7. Itching, Hives, and Rashes
Both hypothyroidism and hyperthyroidism can cause itching, an ongoing rash, or hives (sometimes lasting more than six weeks).In one study, itching affected about 76% of people with hypothyroidism.
8. Eye Swelling
An underactive thyroid can cause fluid retention, leading to swelling or puffiness around the eyes known as periorbital edema. This is often mistaken for allergies. You may also have drooping upper eyelids (ptosis).
9. Yellow Plaques Around Your Eyelids
With hypothyroidism, you may develop xanthelasma. This shows up as soft, yellow plaques around your eyelids, especially near the inner corners.
10. Retracting Eyelids
With an overactive thyroid, you may notice your eyelids retract or lag. This means that your eyelids don’t close fully, which can make your eyes look wide or give a staring or surprised appearance.
11. Bulging Eyes
With Graves’ disease, which can cause hyperthyroidism, you may develop a condition called thyroid eye disease.
This results in bulging eyes (proptosis) due to swelling or pressure behind your eyes. You might also experience double vision, watery eyes, and red or bloodshot eyes..
12. Eyebrow and Eyelash Loss
If your thyroid is underactive, the outer third of your eyebrows may slowly thin or disappear. Eyelash loss can also occur, but it is less common.
Hair and Nail Changes
Thyroid imbalances can also affect your hair and nails.
Hair Changes
If you have an underactive thyroid, your hair may feel dry, coarse, and brittle. It may also shed easily.
Up to 50% of people with hypothyroidism experience hair thinning across their scalp. It may get worse briefly after you start treatment but then improve.

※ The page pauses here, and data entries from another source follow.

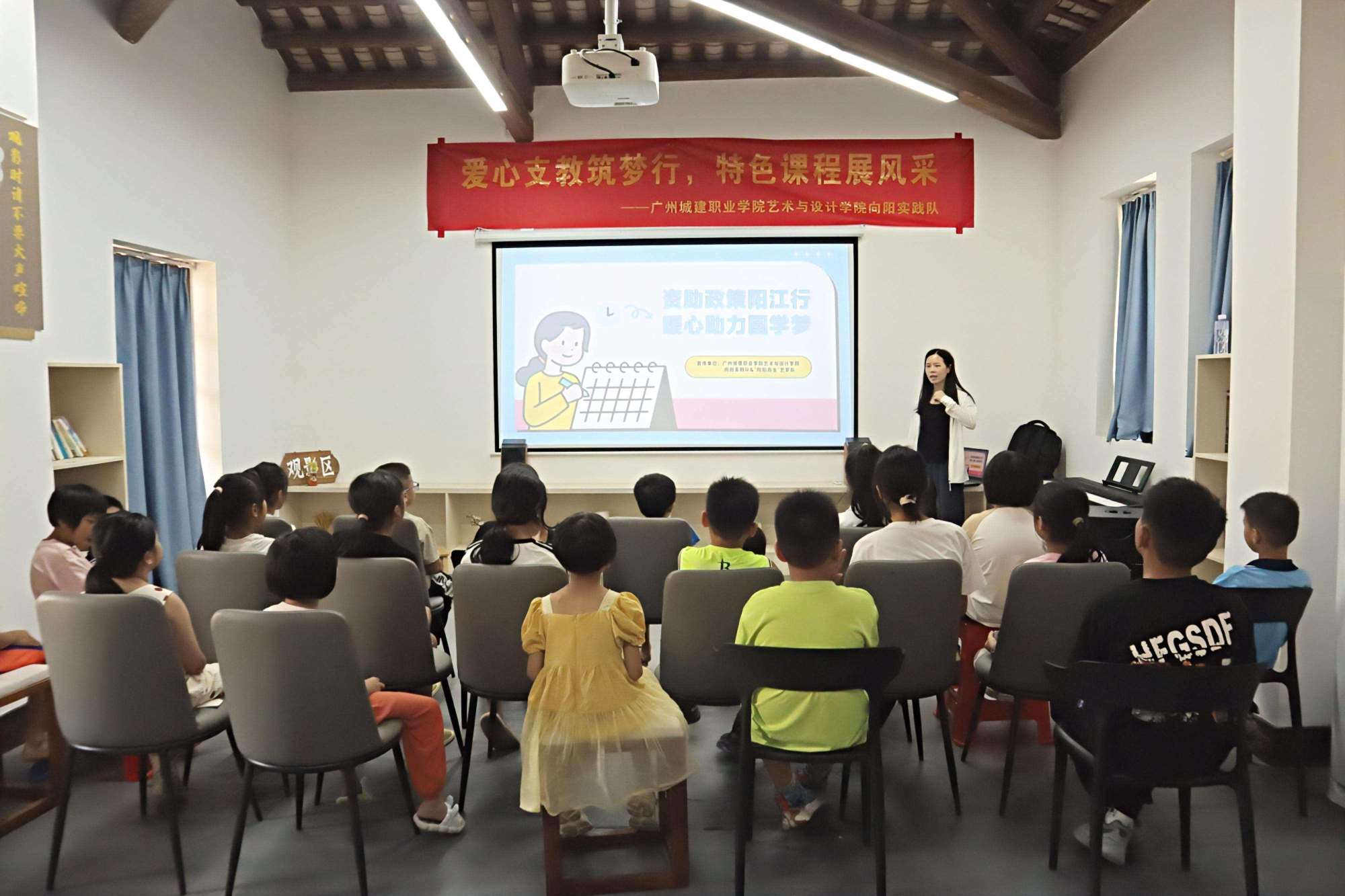 為深入學習貫徹習近平新時代中國特色社會主義思想和黨的二十大精神,引導青年大學生將課堂學習與社會實踐緊密結合起來,用青春力量賦能鄉村振興,豐富實踐地留守兒童暑期生活,7月10日-7月12日,廣州城建職業學院藝術與設計學院向陽實踐隊聯合大八鎮政府開展了為期三天的暑期公益課堂活動。此次公益課程內容豐富,課程設置堅持教育性、知識性、趣味性相結合,開設了繪畫、唱歌、舞蹈等特色課程。
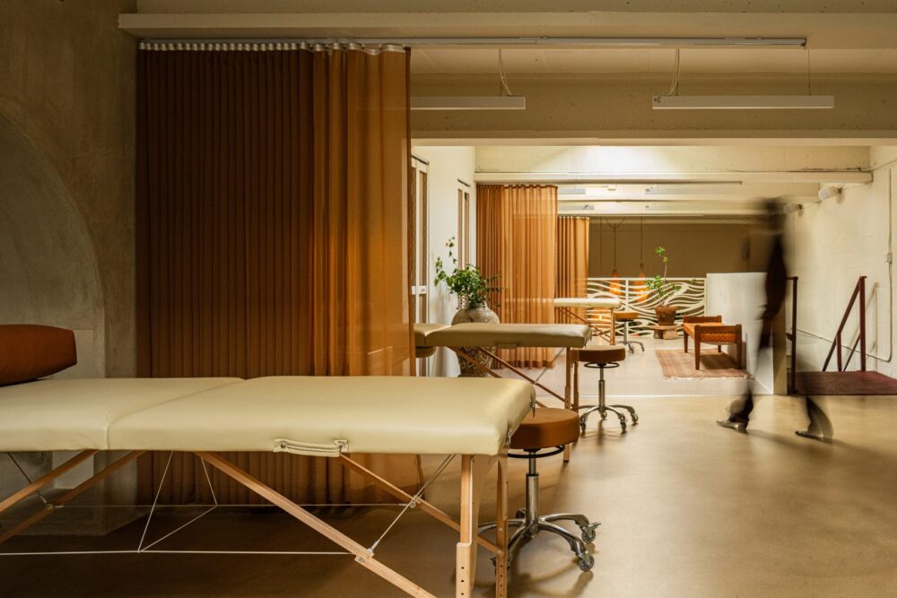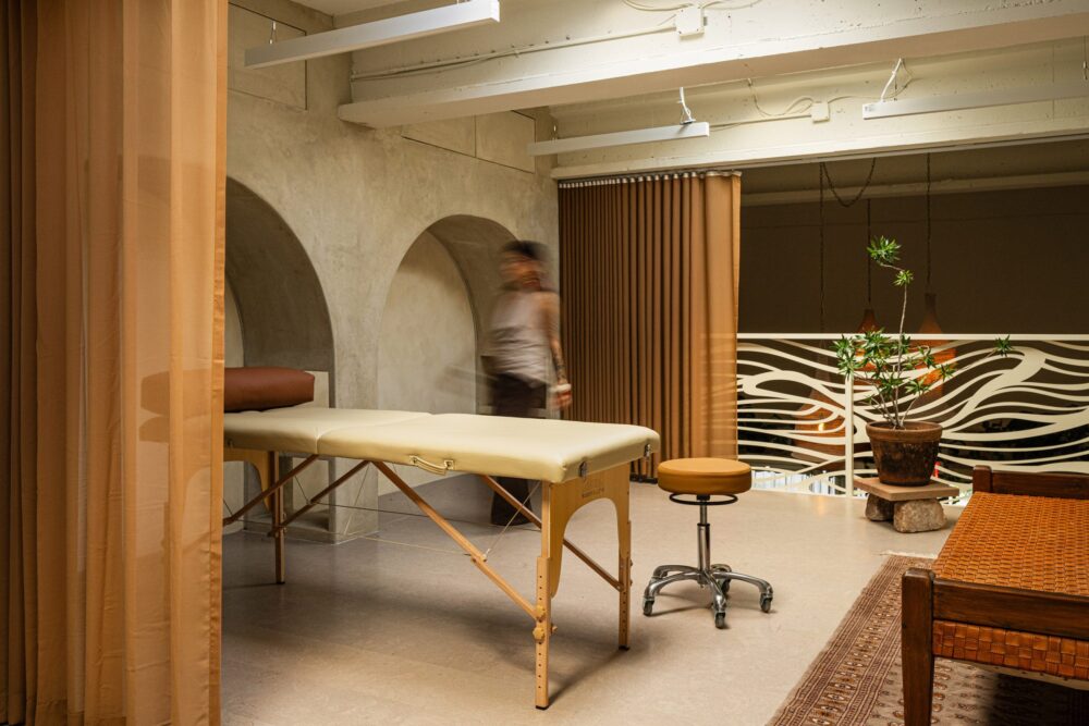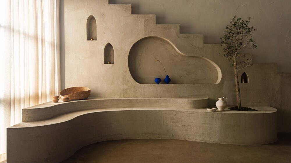 設計團隊對空間的整體佈局從一進門就有循序漸進的規劃。映入眼簾的拱門、壁龕與弧形的內嵌式設計元素,引導訪客穿行於一連串層層遞進的空間之中。動線由開放的公共區域逐步過渡至更為私密的場域,在轉折與包覆之間形塑出如同儀式般的行進節奏,使整體空間在移動過程中流露出沉靜而內斂的氛圍,也讓客人更能放鬆身心,享受獨一無二的消費體驗。入口處設置了一面具有雕塑感的灰泥牆體,透過層層退階的輪廓塑造出豐富的立體表情。牆面同時整合了燭台壁龕、弧形座席以及一座栽植小樹的植栽槽,讓功能與造型自然融合。不僅形成空間中的視覺焦點,更讓前來消費的客人,在此有停頓與休憩,在進入下一個步驟之前有所停頓。其起伏流動的曲線與溫潤的沙色調,令人聯想到沙漠中綿延的沙丘地景;而呼應這種柔和語彙,位於二樓上方的客製化米白色欄杆也以圓潤的鏤空曲線構成圖樣,使整體空間在細節之間延續有機、流動的設計語言。
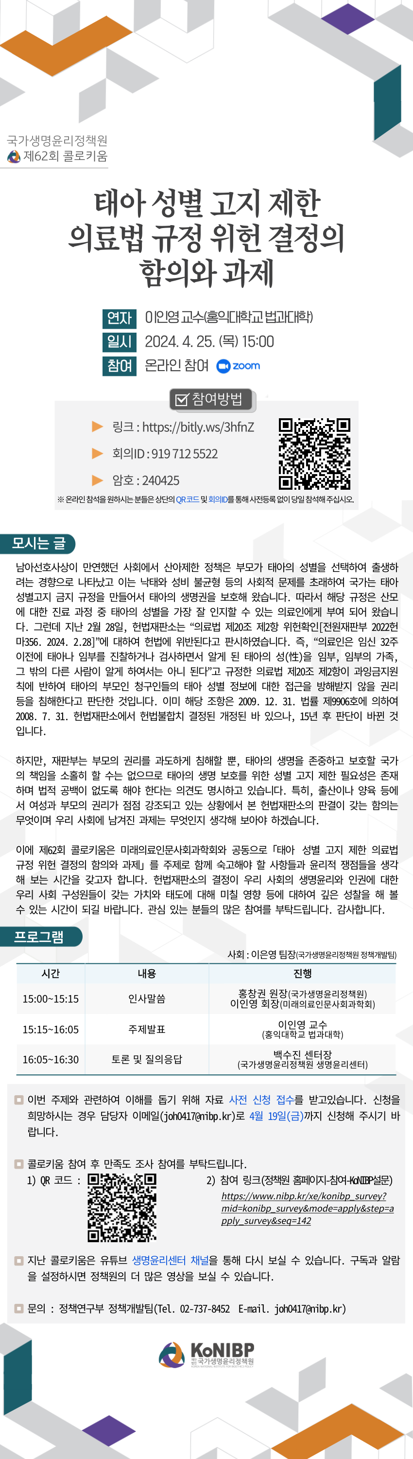 국가생명윤리정책원에서  4월 25일 목요일 15시에 제62회 콜로키움 「태아 성별 고지 제한 의료법 규정 위헌 결정의 함의와 과제」를 다음과 같이 개최하오니 많은 참여를 바랍니다 .
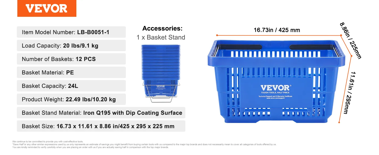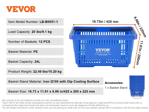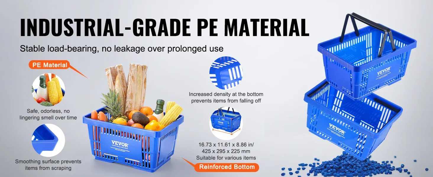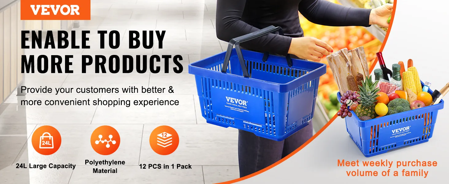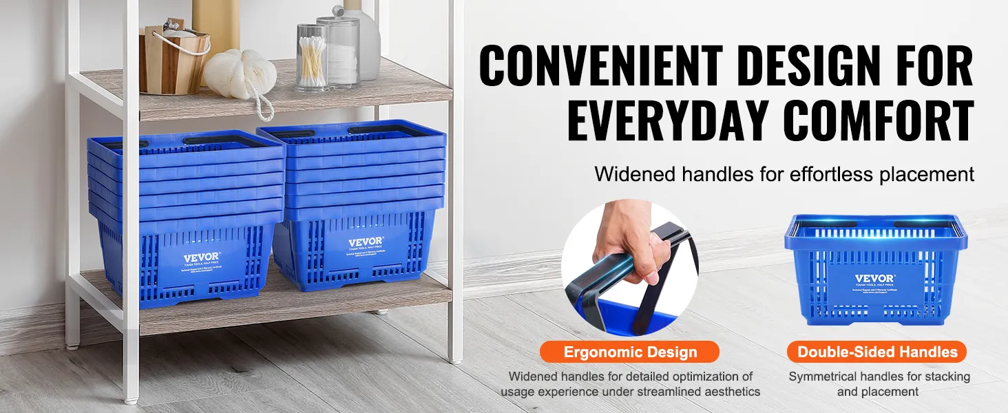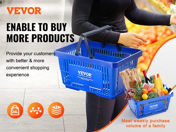 With VEVOR's hand-held shopping basket, say goodbye to shopping struggles! Designed for your needs, it's roomy enough to handle a week's worth of groceries for the whole family. No more juggling bags or worrying about space—it's all sorted with our basket!
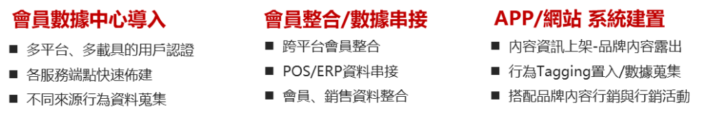 - 專屬會員顧客數據平台CDP:統一管理客戶資訊,進行個人化精準行銷。
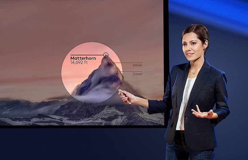 Phạm vi kết nối lên đến 30m Bút trình chiếu Logitech Spotlight cho phép người dùng di chuyển thoải mái khi thuyết trình mà không hề làm ảnh hưởng đến tốc độ truyền tín hiệu lên đến 30m |
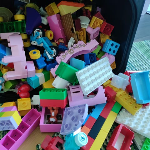 Duploja laatikollinen. Mukana kaunis linna, poni, kasveja, kukkiq ja merenneito sekä harmaa ja vihreä alusta. Nouto Espoon Lippajärveltä tai postitus onnistuu myös.
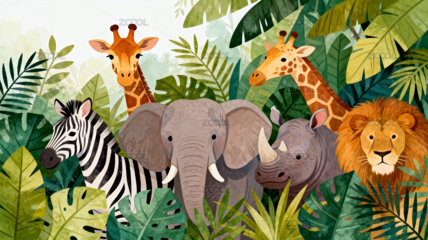 雨林,探险,奇妙,仓鼠,兔子,猴子,孔雀,森林,鳄鱼,蛇
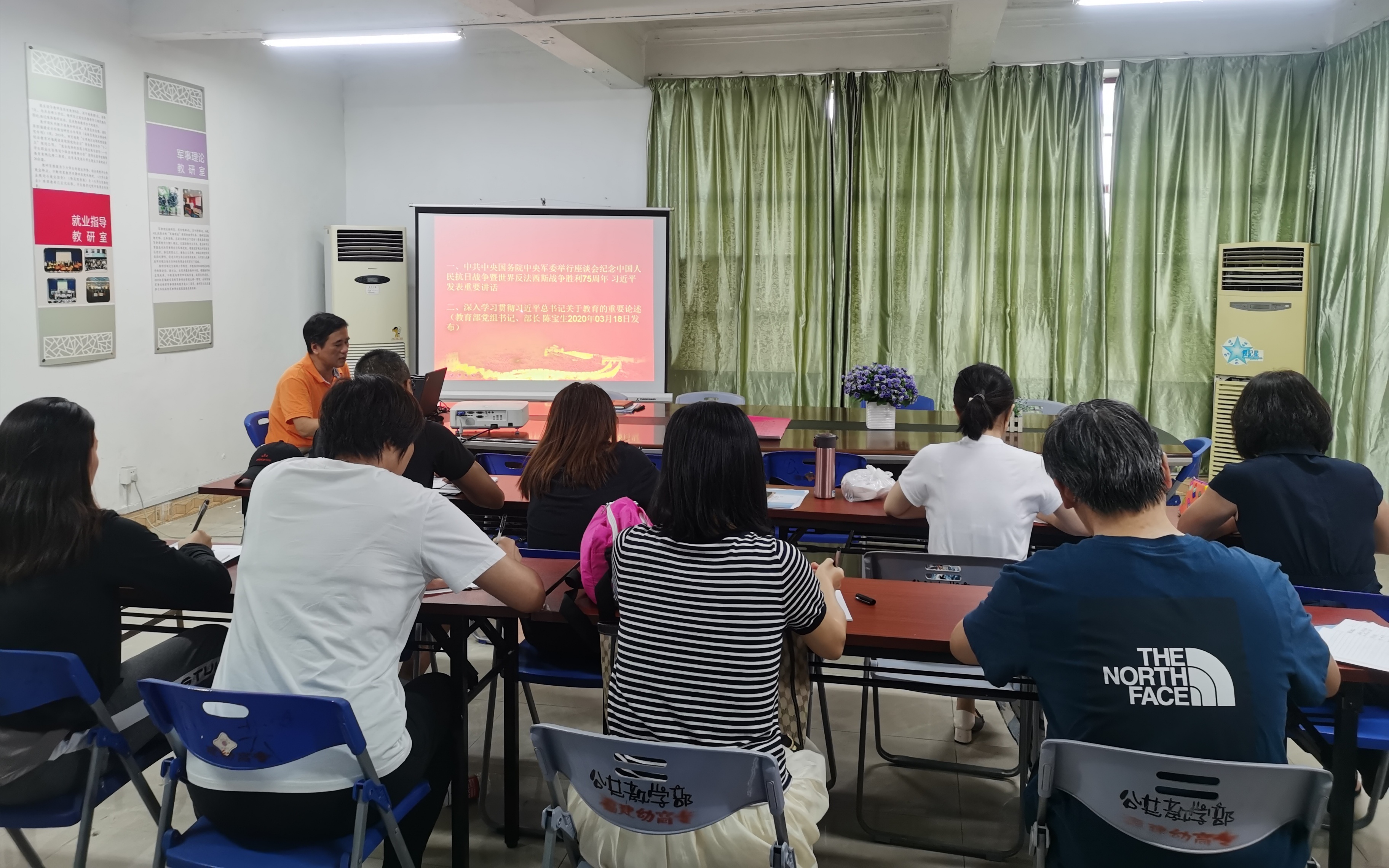 2020年9月16日下午,公共教学部党支部在系部教研楼506会议室召开全体党员政治理论学习会议,会议由陈福榕书记主持。
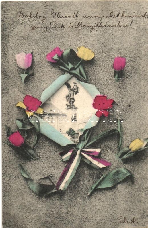 Budapest I. Honvéd szobor a Dísz téren. Tulipános és magyar zászlós montázslap

Some cases of hypothyroidism cause more hair to grow on your back and shoulders, though this is less common and specific to children.
With an overactive thyroid, your hair may be fine, soft, and thinner, with increased shedding.
It could also look banded or speckled, with light and dark sections along the strands, but this is rare.
Nail Changes
With hypothyroidism, your nails may grow more slowly and may become brittle, thick, or ridged.
If you have an overactive thyroid, your nails may grow faster but feel soft and fragile.